Brussels sprouts are a typical winter vegetable. Frost is generally considered to improve their flavor, which means that though they are available from October or earlier, the prime season starts in November.

Selection and StorageEdit

Brussels sprouts may be sold attached to or separated from their stalks. If feasible, purchasing on-the-stalk sprouts will help prolong their storage life. Select brussels sprouts that are green and firm. The leaves should be tightly clustered and not wilted. They will last about a week in the fridge after purchasing, and 3-5 weeks at 32˚F (0˚C).

Preparation and CookingEdit

To prepare brussels sprouts, slice off the base of the stem and remove the outer layer or two of leaves, which may have become battered during transport and storage. Wash the buds well before cooking. Because they are a small vegetable, sprouts can generally be cooked whole, but they may also be halved or sliced to encourage even cooking. When cooking larger sprouts whole, you can cut a small cross in the base to help the sprout cook evenly.

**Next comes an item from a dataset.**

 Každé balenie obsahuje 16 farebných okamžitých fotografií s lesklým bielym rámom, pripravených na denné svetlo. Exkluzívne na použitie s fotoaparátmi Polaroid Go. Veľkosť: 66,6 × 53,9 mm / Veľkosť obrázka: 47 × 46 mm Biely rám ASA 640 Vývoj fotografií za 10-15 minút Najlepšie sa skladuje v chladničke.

Overcooking is a common problem with brussels sprouts, especially when boiling or steaming. This makes them soggy and discoloured, and it releases the strong 'cabbagey' odour of all brassicas. When boiling sprouts, keep an eye on their color, flavor, and texture. Whole sprouts require between 4 and 10 minutes of boiling time, depending on how cooked you want them. Steaming time ranges from 8 to 15 minutes. It's best to taste test the sprouts during cooking to see whether they have the desired tenderness. When done, they should be bright green.

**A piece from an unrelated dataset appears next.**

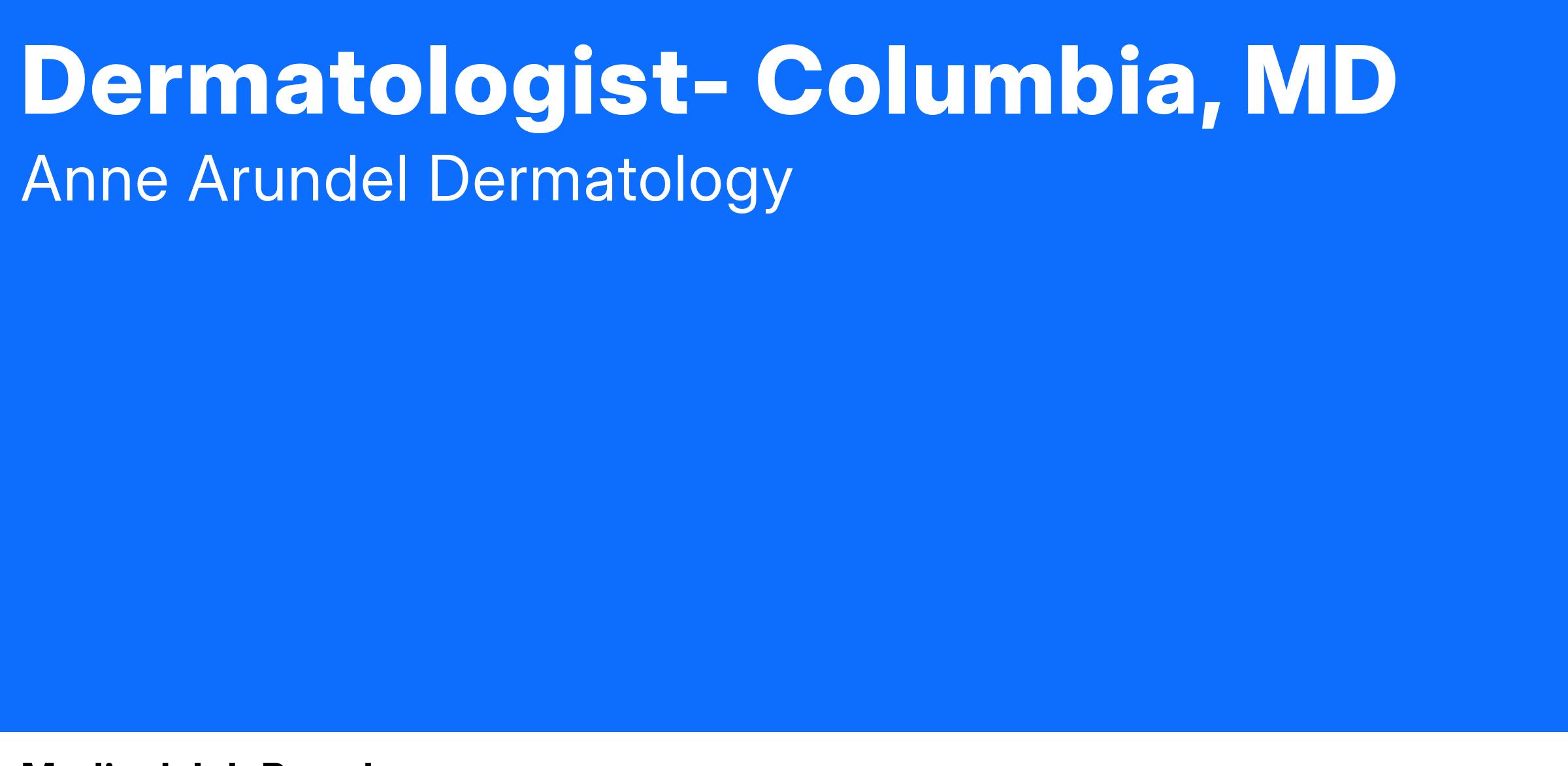 Anne Arundel Dermatology is a premier dermatology practice with locations in seven states. We have been serving patients for over 40+ years and are currently seeking a Board Certified Dermatologist to join our team in Columbia, MD.

Brussels sprouts can also be roasted or fried with oil and seasonings. Dry cooking in this way allows the sprouts to caramelize, which produces a nutty sweetness, and avoids overall sogginess. Sprouts may also be shaved and eaten raw, although this tends to be less common than cooking them.

In the UK, brussels sprouts are a traditional winter vegetable, and are often eaten boiled with a roast dinner. They can also be stir fried or made into soup. Simple serving suggestions include sprinkling the sprouts with lemon juice, salt, fresh nutmeg, or grated cheese, possibly with a light coating of butter or olive oil.